Gabriel Pedro Paternain is a Uruguayan mathematician. He is Professor of Mathematics in DPMMS at the University of Cambridge, and a fellow of Trinity College. He obtained his Licenciatura from Universidad de la Republica in Uruguay in 1987, and his PhD from the State University of New York at Stony Brook in 1991. He has lectured several undergraduate and graduate courses and has gained widespread popularity due to his entertaining and informal lecturing style, which has been recognised by the university in the past for its high calibre. He was managing editor of the mathematical journal Mathematical Proceedings of the Cambridge Philosophical Society for the period 2006-2011.

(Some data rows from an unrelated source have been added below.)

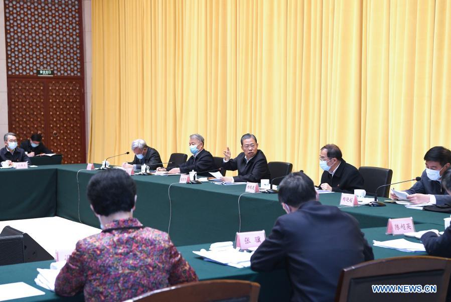 Zhao Leji, a Standing Committee member of the Political Bureau of the Communist Party of China (CPC) Central Committee and head of the central leading group on disciplinary inspection, visits the Ministry of Transport to learn about inspection-related work and hosts a symposium in Beijing, capital of China, Dec. 30, 2020. (Xinhua/Rao Aimin)
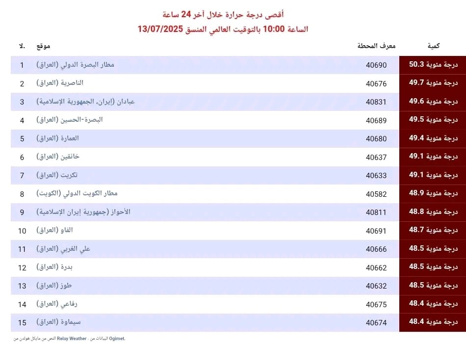 تصدرت، اليوم الاحد (13 تموز 2025)، 12 مدينة عراقية أعلى قائمة درجة حرارة على كوكب الأرض خلال 24 ساعة الماضية.
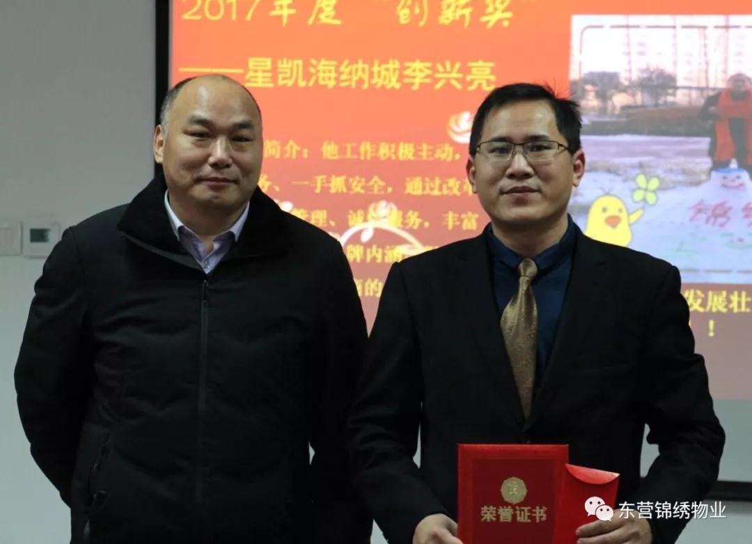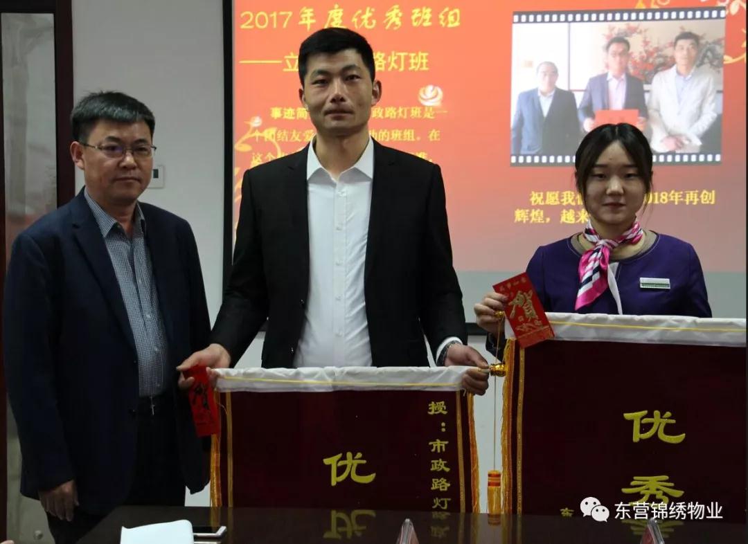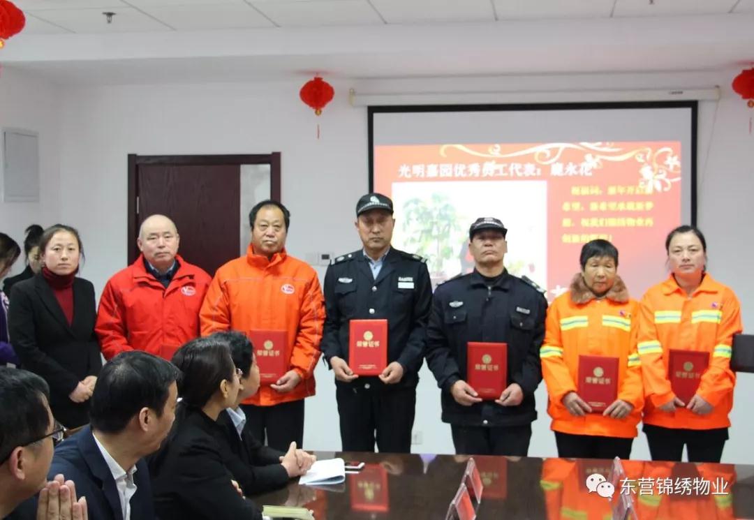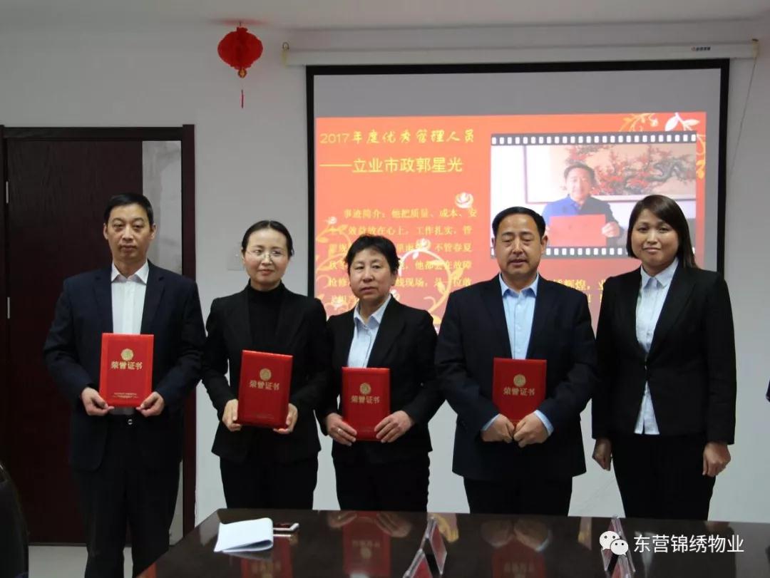 会议宣读了锦绣物业公司《关于表彰2017年度优秀项目、优秀班组、创新奖、优秀管理人员和优秀员工的通报》。公司领导为先进集体和个人颁奖。先进集体优秀代表做了典型发言。

He is known for his work on dynamical and geometrical aspects of Hamiltonian systems, in particular magnetic and geodesic flows. His recent
research focuses on geometric inverse problems and his collaboration with Mikko Salo and Gunther Uhlmann yielded solutions to several inverse problems in two dimensions, including the tensor tomography problem and the proof of spectral rigidity of an Anosov surface.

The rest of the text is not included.